(Dataset entries)
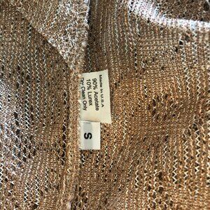 THE LACE IS INTERWOVEN WITH COPPERY METALLIC THREADS CREATING A SHIMMERY EFFECT.
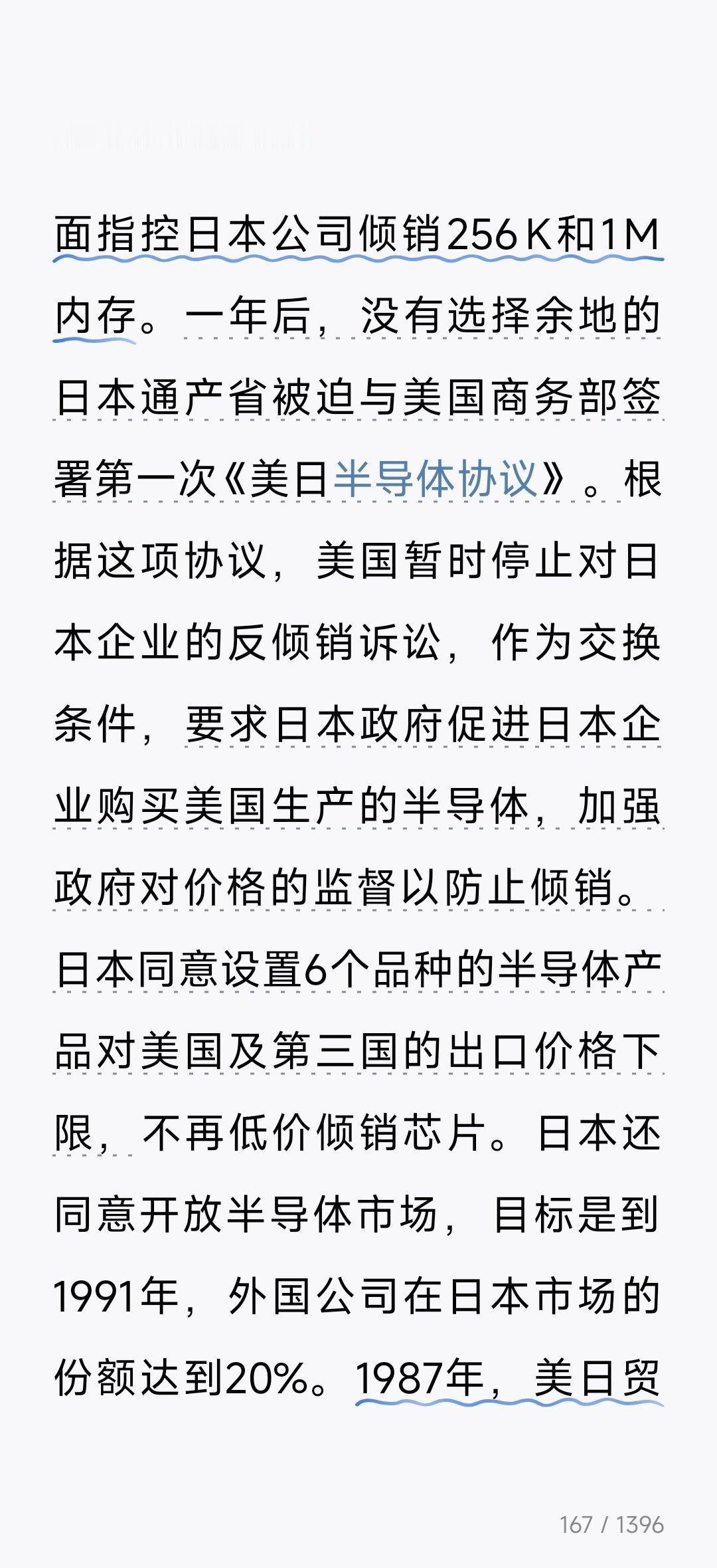 最近在读《芯片战争》。 没想到上世纪80年代的小日子这么厉害,又是帮美帝升级战机,又是开放军工技术给美帝。美帝先是发起反倾销诉讼,然后加征惩罚性关税,然后通过广场协议让美元贬值日元升值,逐渐削弱了小日子芯片产业的竞争力,然后转头又开始学习小日子开始搞VLSI计划。
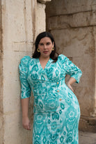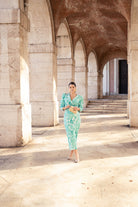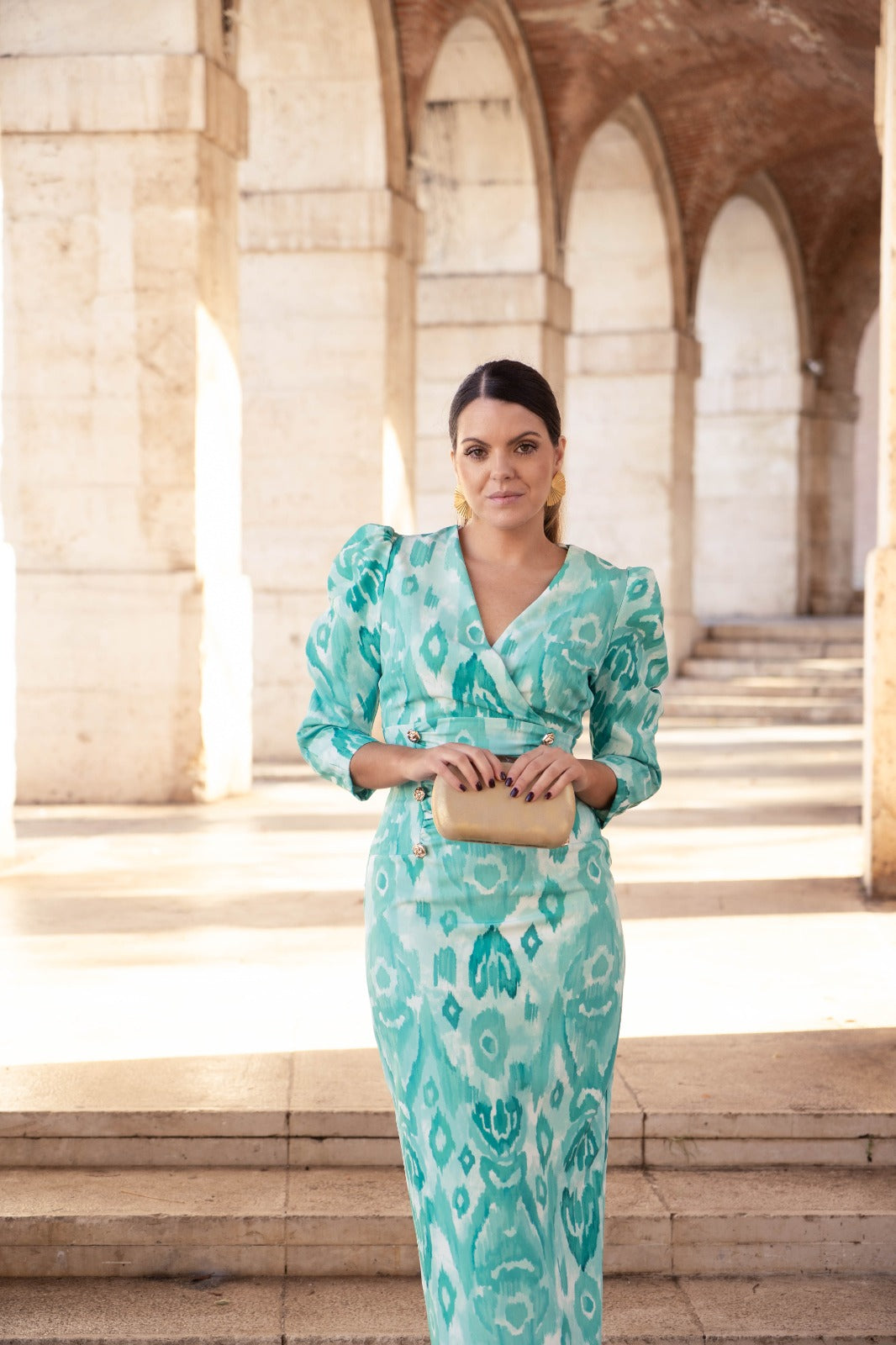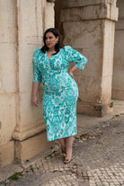 Vestido midi, escote cruzado, manga francesa, fruncido delantero y detalla botones dorados, abertura trasera. En color verde con estampado.
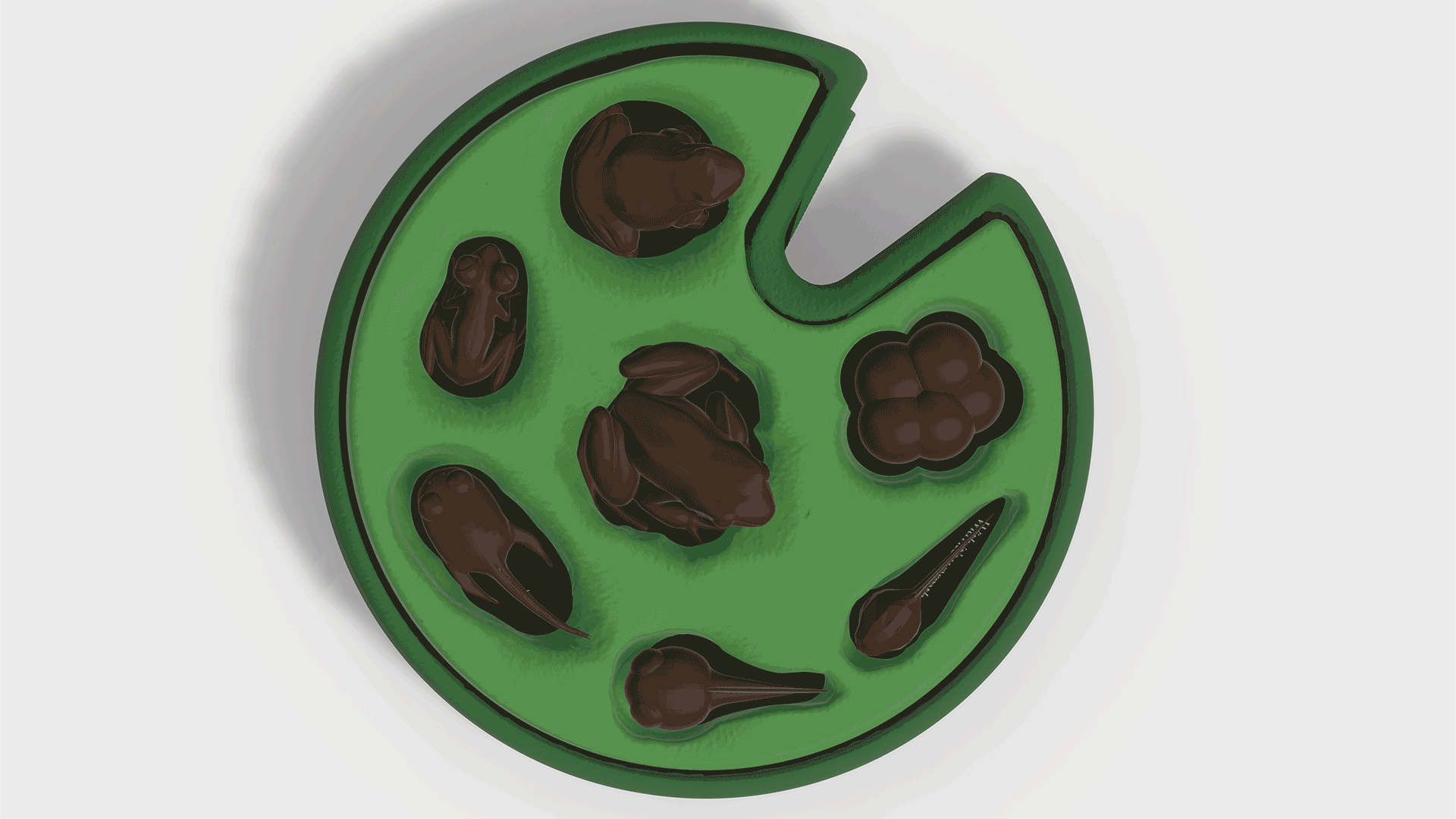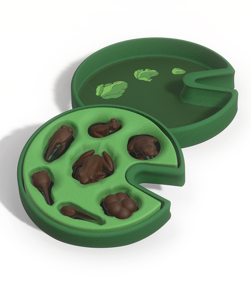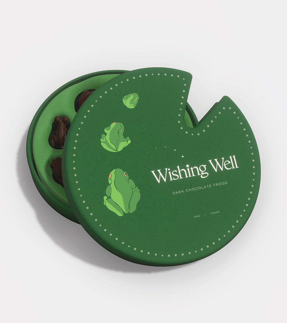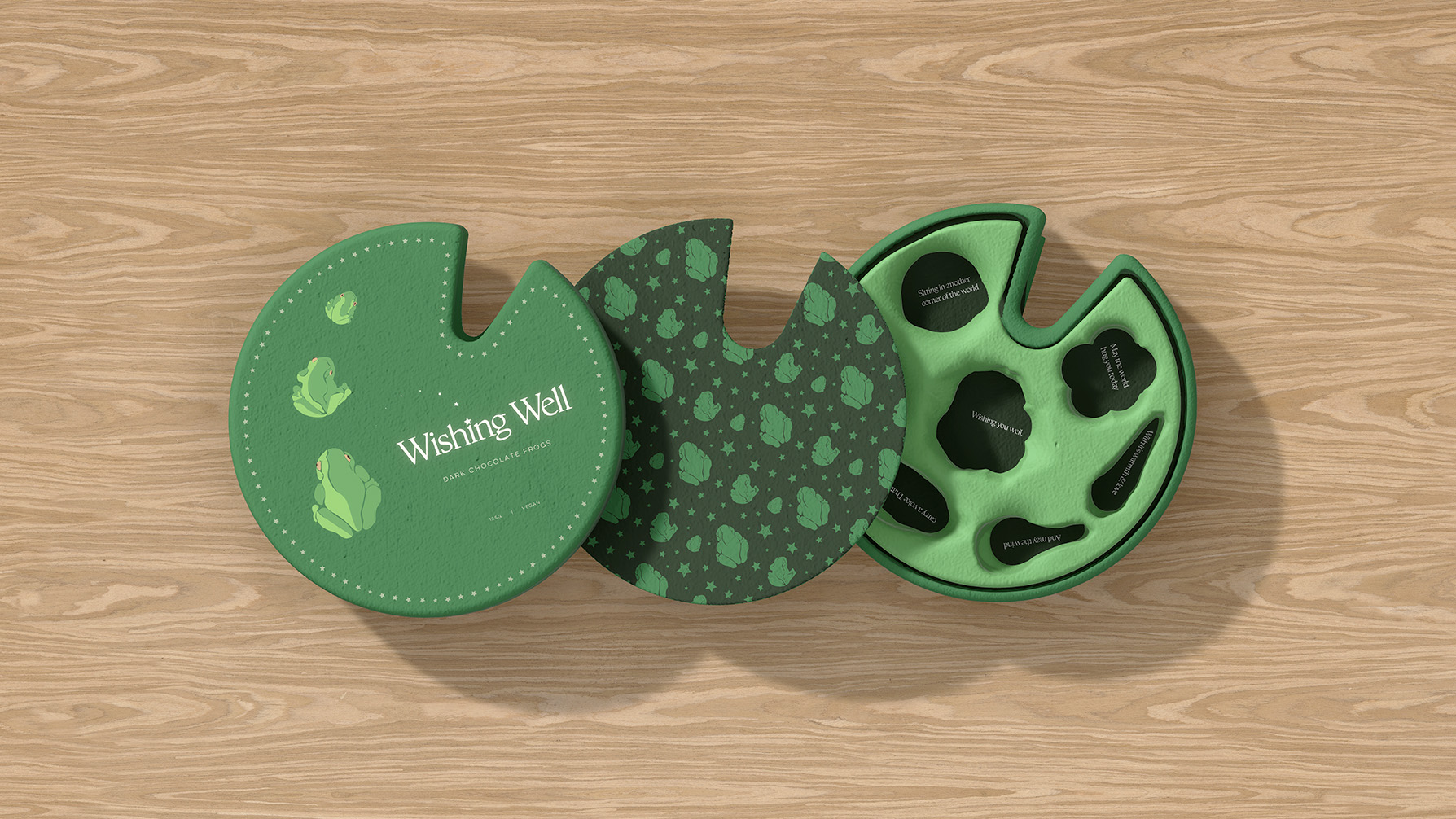 Wishing Well transforms packaging into emotional storytelling. Inspired by childhood memories with my pop, the lily pad-shaped chocolate box celebrates a frog’s life cycle and themes of love, generosity, and discovery. Lines of a poem are revealed as each chocolate is removed, creating a deeply meaningful and immersive gift-giving experience.
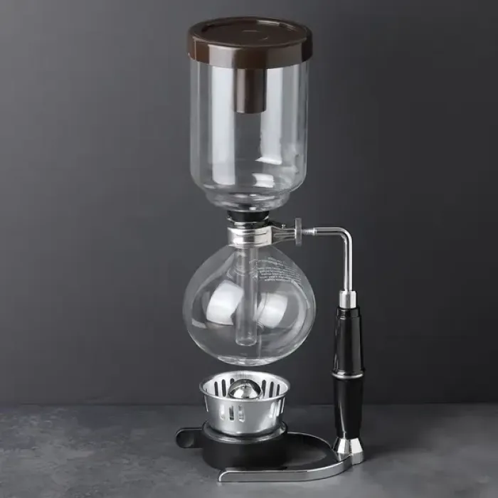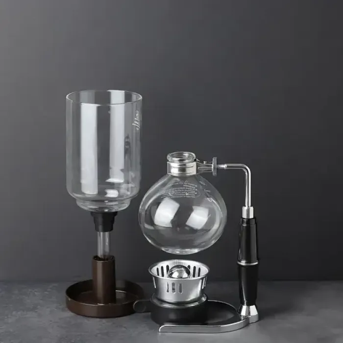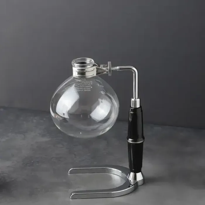 Сифон для чая и кофе — это устройство для приготовления напитков методом вакуумной экстракции. Он состоит из двух стеклянных колб, закреплённых на металлическом штативе, и использует спиртовую горелку в качестве источника нагрева.
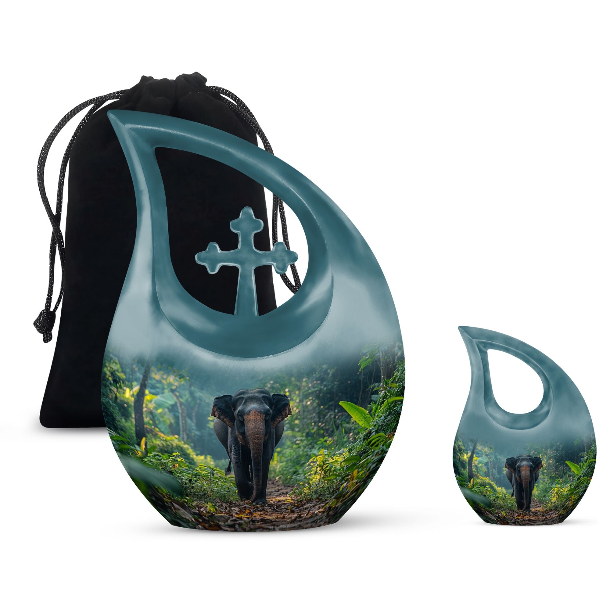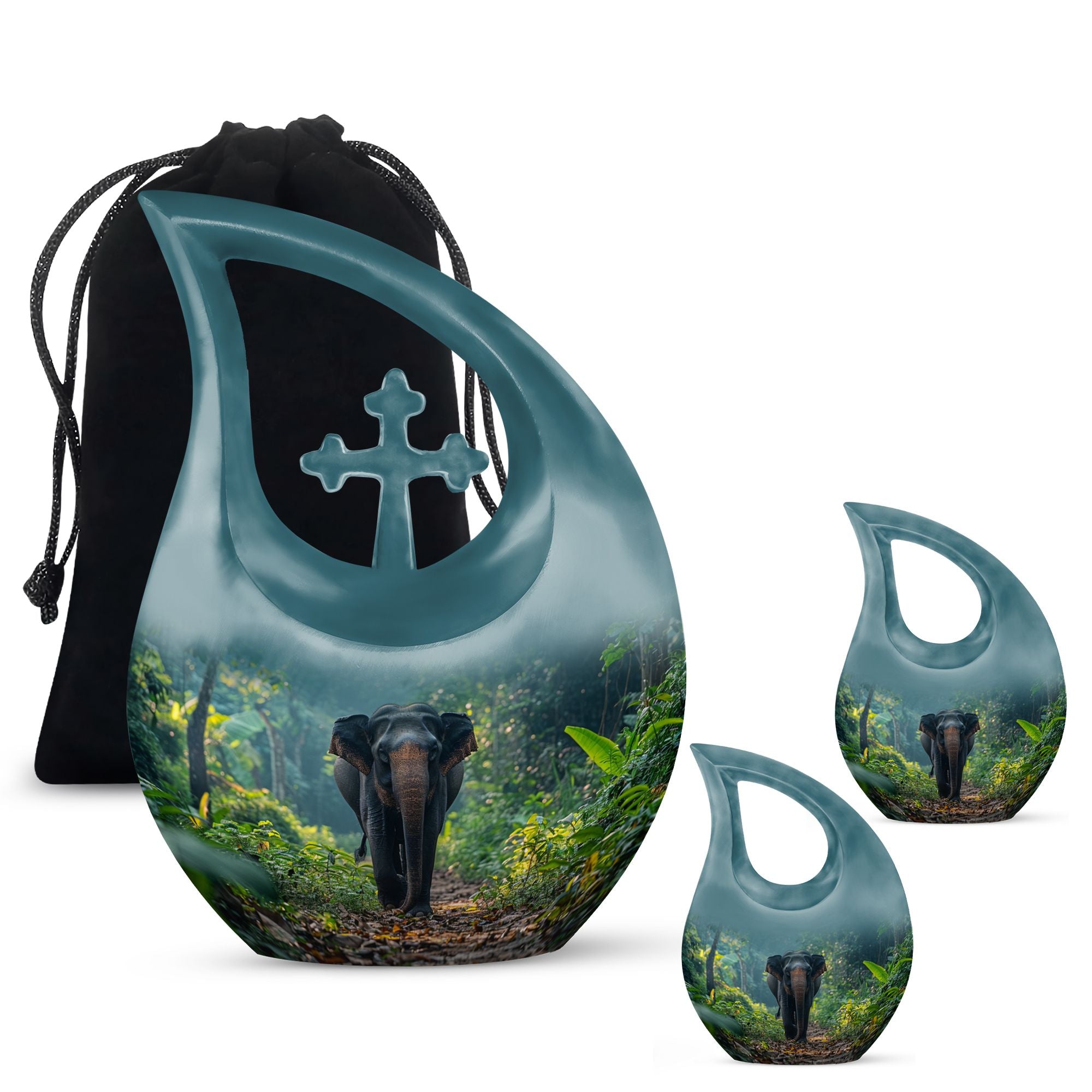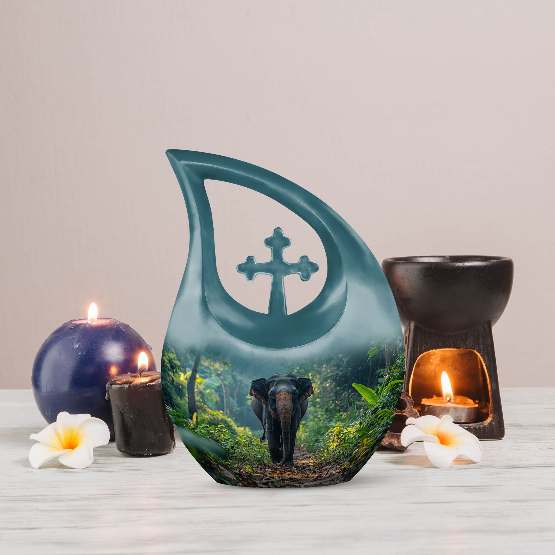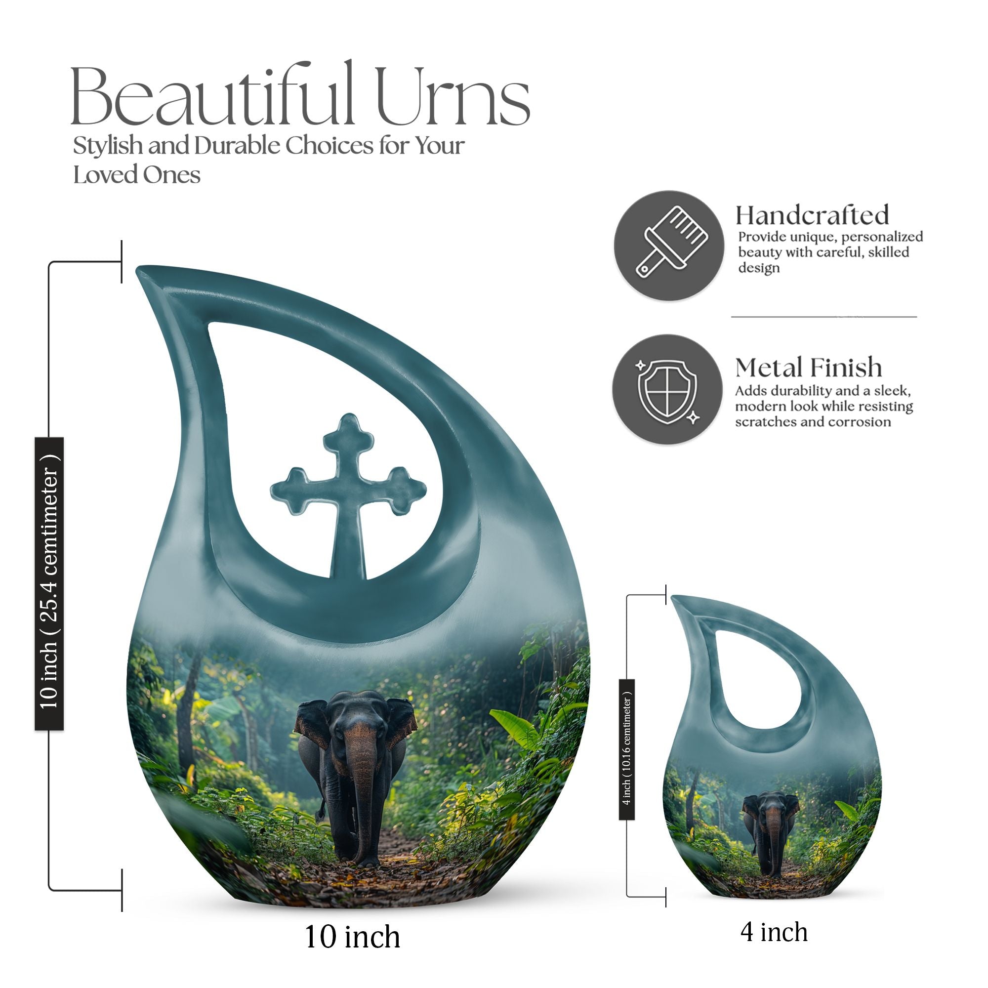 Carrying a blend of striking symbolism and subtle elegance, our Elephant Urn beautifully renders a distinctive tribute to your beloved one. Crafted from high-quality Aluminium, this unique urn for your Dad is tastefully adorned with a gently cascading Cross Drop motif, symbolizing light, divinity, and faith. Sized at a generous 10 inches, it can accommodate up to 200 cubic inches of ashes, making it a fitting choice for large urns category. With a substantial weight of 3.3 pounds, it radiates a reassuring presence. To add a personal touch, use our customization option and engrave names on it. Your purchase comes with a velvet pouch for the dignified containment of ashes. Doubling up as cremation boxes for adults or cremation containers, this large urn for ashes is also ideal for use as funeral urns for adults. Acquaint yourself with the solace one’s presence can continue to bring, even in their physical absence — remember and honour with our Elephant Urn.

## Exercise instructions
Without the pictures, set down the lines above from the line with "Wishing Well transforms" up to and including the line with "Сифон для чая" exactly as they stand.

## Answer space
 Wishing Well transforms packaging into emotional storytelling. Inspired by childhood memories with my pop, the lily pad-shaped chocolate box celebrates a frog’s life cycle and themes of love, generosity, and discovery. Lines of a poem are revealed as each chocolate is removed, creating a deeply meaningful and immersive gift-giving experience.
 Сифон для чая и кофе — это устройство для приготовления напитков методом вакуумной экстракции. Он состоит из двух стеклянных колб, закреплённых на металлическом штативе, и использует спиртовую горелку в качестве источника нагрева.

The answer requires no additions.